Anyway, I also argued against a more complex version of the argument (raised by cpdavey):
1. ◊□A (Assumption for Conditional Proof (CP))
2. ~□A (Assumption for Reductio Ad Absurdum (RAA))
3. ~~◊~A (2 E2)
4. ◊~A (3 Double Negation (DN))
5. □| ◊~A (4 S5-reit)
6. □◊~A (5 nec intro)
7. □~□~~A (6 E1)
8. □~□A (7 DN)
9. ~◊~~□A (8 E2)
10. ~◊□A (9 DN)
11. ◊□A & ~◊□A (1,10 Conjunction)
12. ~~□A (1-11 RAA)
13. □A (12 DN)
14. ◊□A -> □A Q.E.D. (1-13 CP)
14. ◊□A -> □A Q.E.D. (1-13 CP)
I concluded that the Reductio Ad Absurdum wasn't actually necessary, because you can do it like this:
1. ◊□A (Initial position)
2. A <--> ~B (Assumption for Logical Fiddle)
2. A <--> ~B (Assumption for Logical Fiddle)
3. ◊□~B (Substitution of 2 into 1)
4. ~~◊~~□~B (3 double DN)
5. ~□~□~B (4 E2)
6. ~□~□A (Substitution of 2 into 5)
7. □A (6 n2)
8. ◊□A -> □A Q.E.D. (1-7)
But here we can see that the step between (6) and (7) is not valid (because it's reversed) - so there's a problem which is being disguised by the process of going through the Reductio Ad Absurdum.
I pretty much left it at that, inviting the reader to point out where the problem is, if they could see it.
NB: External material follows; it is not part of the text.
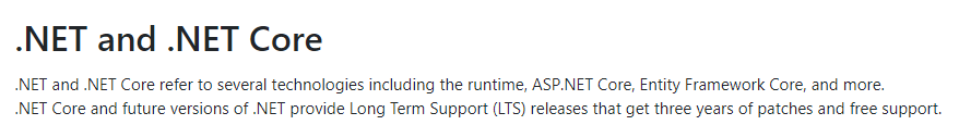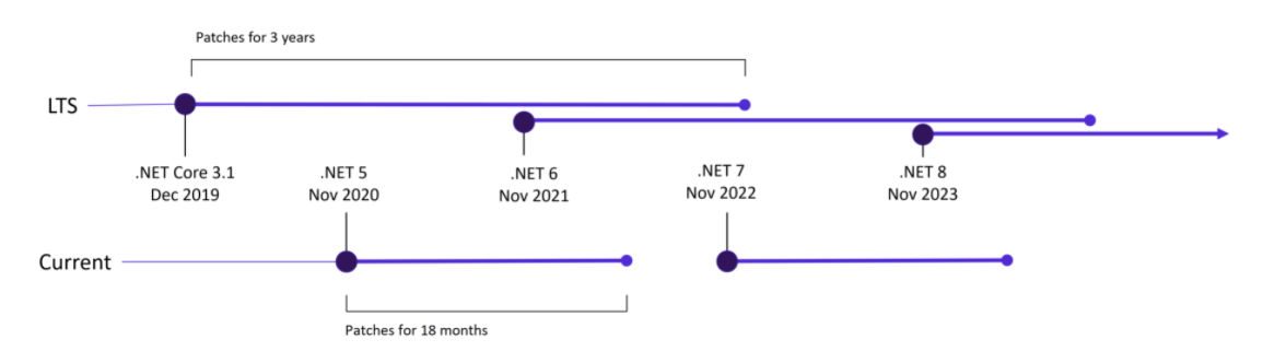 微软表示.NET 和.NET Core 的未来版本将会一直提供长期支持版本,且每个版本均可获得三年的补丁更新和免费支持。
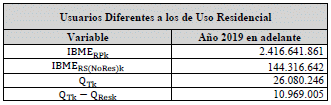 - Tanto para usuarios de uso residencial como para los usuarios diferentes a los de uso residencial, se aplicará el cargo promedio del submercado k ![]()

That was five years ago.
So, what was the obvious thing that recently leaped out at me? The proof put together, or at least presented by cpdavey relies rather heavily on the introduction of double negatives and swapping from ~□~ to ◊ and from ~◊~ to □. Both of these latter two moves can be reversed (see Classical Modal Logic). What it doesn't rely on, is the value of A. Which means we can do this:
1. ◊~G (Initial weakish atheism position)
2. ~□~~G (1 classical modal logic)
2. ~□~~G (1 classical modal logic)
3. ~~□~□~~G (2 n2, right way around)
4. □~□G (3 DN removed)
5. ~◊□G (4 classic modal logic)
This means we arrive at the same conclusion whether we assume that it is possible that there is no god (◊~G) or that it is not necessary that there is a god (~□G), namely that it is not possible that there is necessarily a god (~◊□G), which is precisely what we would expect.
Effectively all cpdavey was arguing was that if his presumption was correct, then assuming the truth of the opposite of his presumption would lead to a conclusion that his presumption was incorrect. Which it did and which we would expect. That's why there's no great problem within his "Reductio Ad Absurdum" but there is when we run his proof with no RAA. His whole argument came down to a "heads I'm right, tails you're wrong" sort of con.
The error is quite clear in Step 12 above, where cpdavey writes "12. ~~□A (1-11 RAA)". Clearly the RAA started at Step 2, not Step 1.
Sometimes we just don't see things that are staring us in the face. Perhaps I was trying too hard to be clever. But then again, so was cpdavey, since the result that he needed to get his RAA to work was precisely the one he was aiming at, via use of the RAA, ie the fallacious claim that, given ◊□A, □A.